**Task data:**
[Start of Attachment]

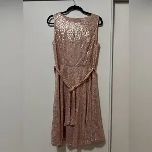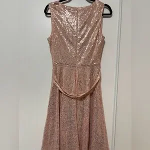 Crew neck sleeveless A Line rose gold sequin dress, perfect for any special occasion.
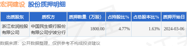 宏润建设(002062)股东浙江宏润控股有限公司质押1800万股,占总股本1.63%
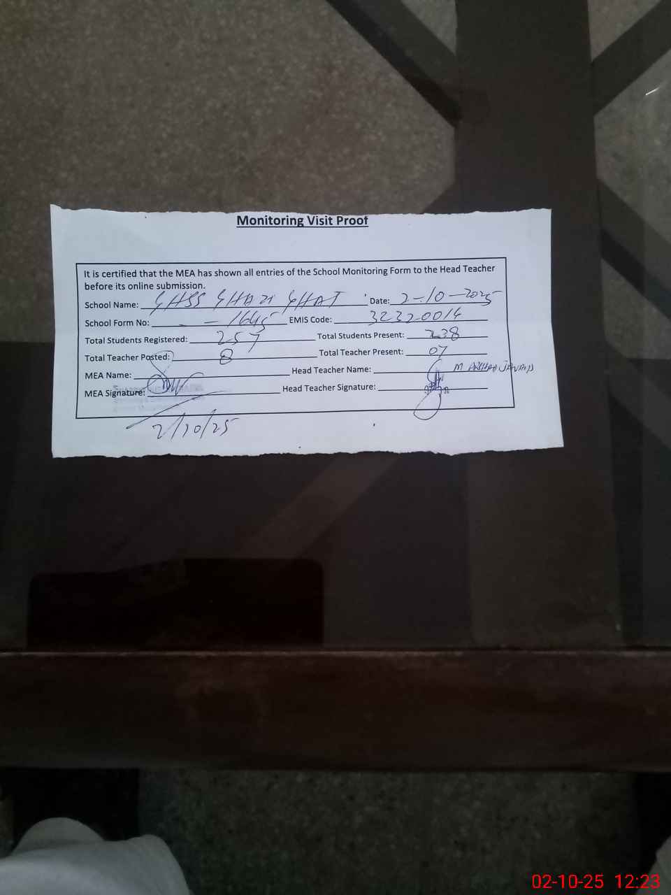 | EMIS Code: 32320014 | Name of School: GHSS GHAZI GHAT | |||
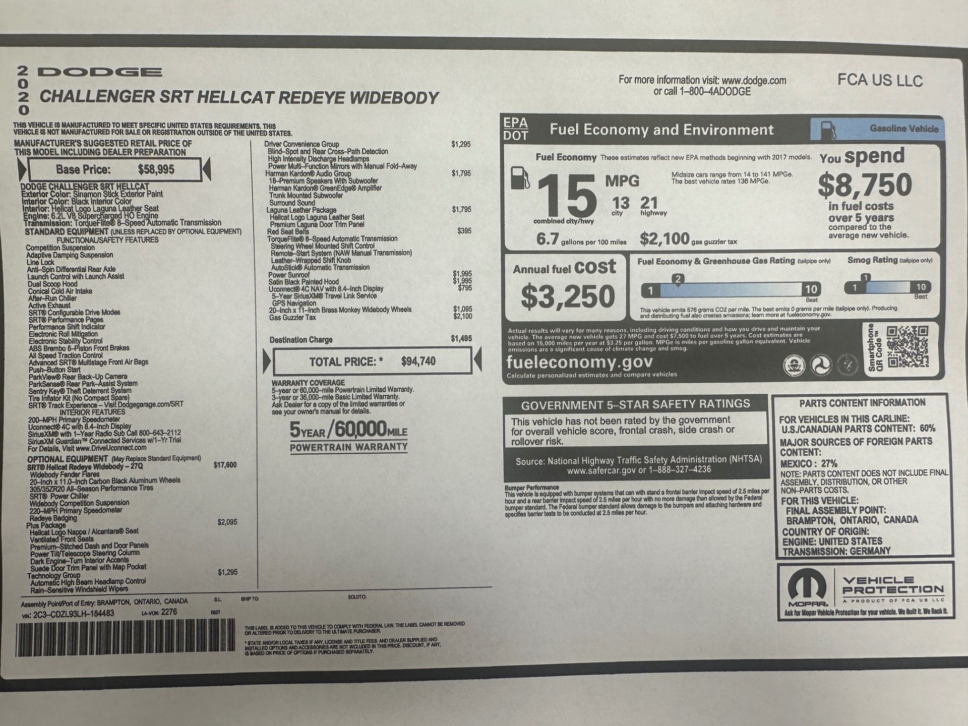 | VIN: | 2C3CDZL93LH184483 |
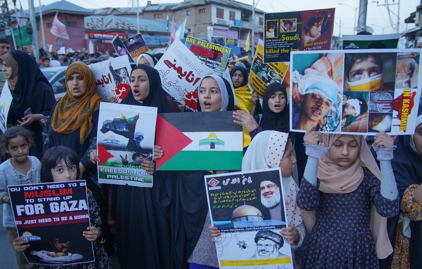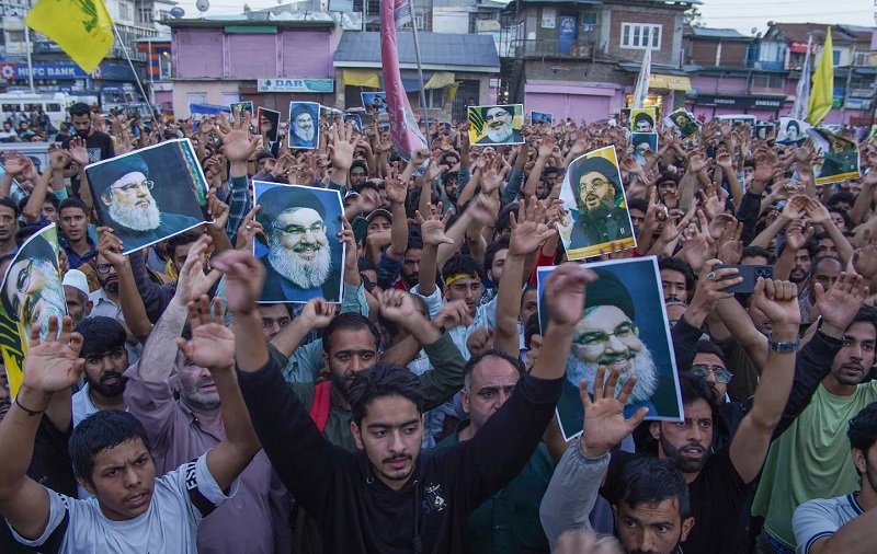 بھارت کے زیر انتظام کشمیر کے شہر ماگام کے لوگوں نے سیدالمقاومہ سید حسن نصر اللہ کی شہادت پر سید کی تصاویر اور پلے کارڈز اٹھا کر ان پر صہیونیوں کے دہشت گردانہ کاروائی پر احتجاجی مظاہرہ کیا۔/110
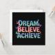 Nurture a brighter mindset with this uplifting "Dream, Believe, Achieve" greeting card featuring whimsical, colourful butterflies and motivational lettering. This cheerful artwork encourages mindfulness, self-love, and personal growth, making it a perfect gift or personal reminder to stay positive and spread good vibes. This butterfly-inspired design brings beauty and encouragement to everyday life.
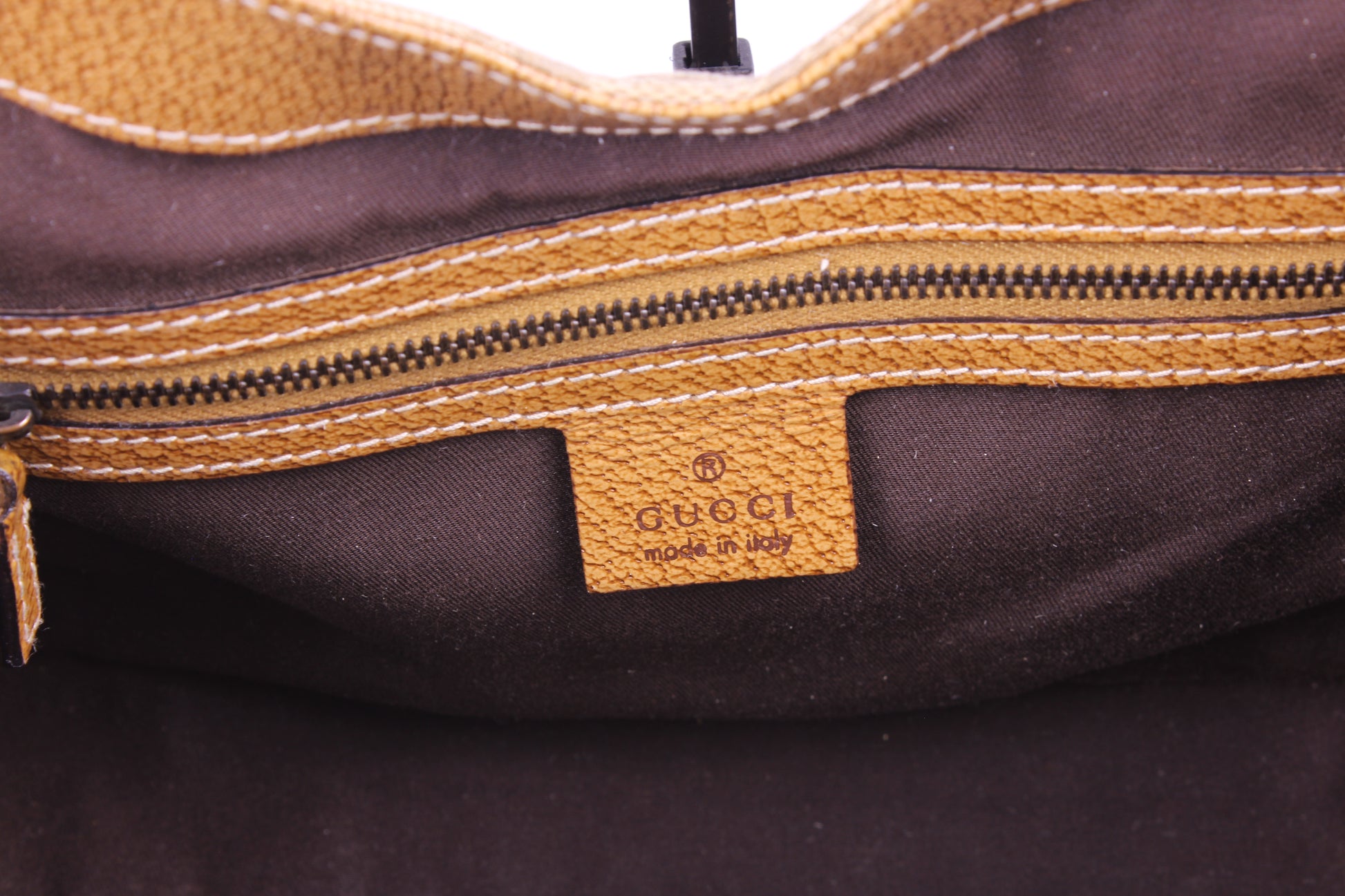 Features: Crafted from Gucci’s monogram canvas with brown leather trim, featuring a signature piston-lock closure and one inner pocket.
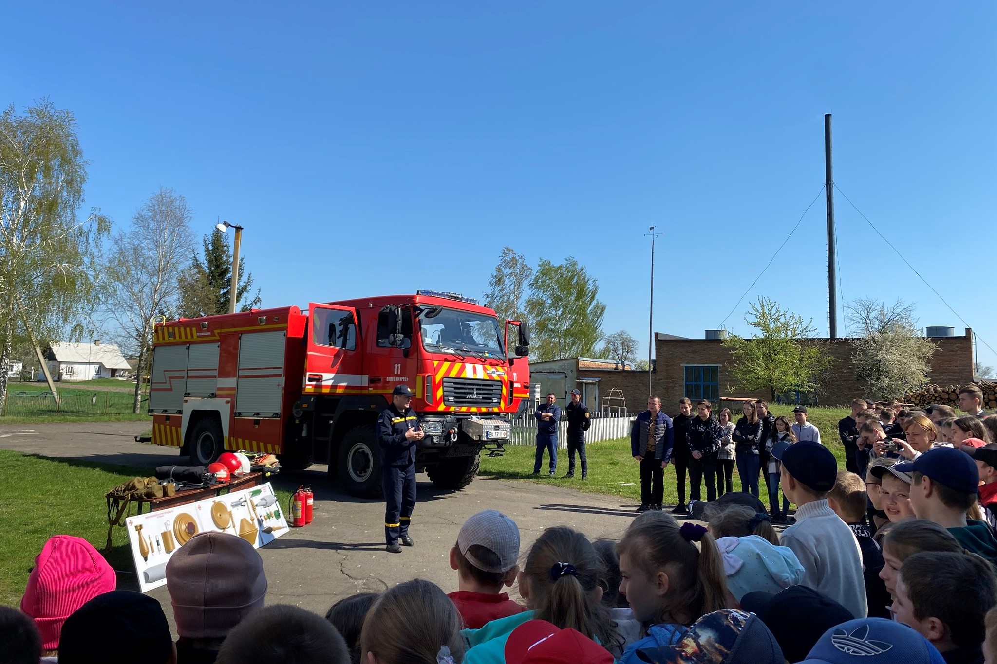 Рятувальники розповідають учням про мінну та пожежну безпеку, як діяти під час грози та правила безпечного поводження на воді, також розповідають про свою професію, показують техніку та спорядження з яким мають справу щодня, демонструють як гасити умовну пожежу з допомогою вогнегасника та пожежного ствола, та ін.

[End of Attachment]

Every line between the one containing "Nurture a brighter" and the last line of the data above, both included, should be copied exactly, but not the pictures.

 Nurture a brighter mindset with this uplifting "Dream, Believe, Achieve" greeting card featuring whimsical, colourful butterflies and motivational lettering. This cheerful artwork encourages mindfulness, self-love, and personal growth, making it a perfect gift or personal reminder to stay positive and spread good vibes. This butterfly-inspired design brings beauty and encouragement to everyday life.
 Features: Crafted from Gucci’s monogram canvas with brown leather trim, featuring a signature piston-lock closure and one inner pocket.
 Рятувальники розповідають учням про мінну та пожежну безпеку, як діяти під час грози та правила безпечного поводження на воді, також розповідають про свою професію, показують техніку та спорядження з яким мають справу щодня, демонструють як гасити умовну пожежу з допомогою вогнегасника та пожежного ствола, та ін.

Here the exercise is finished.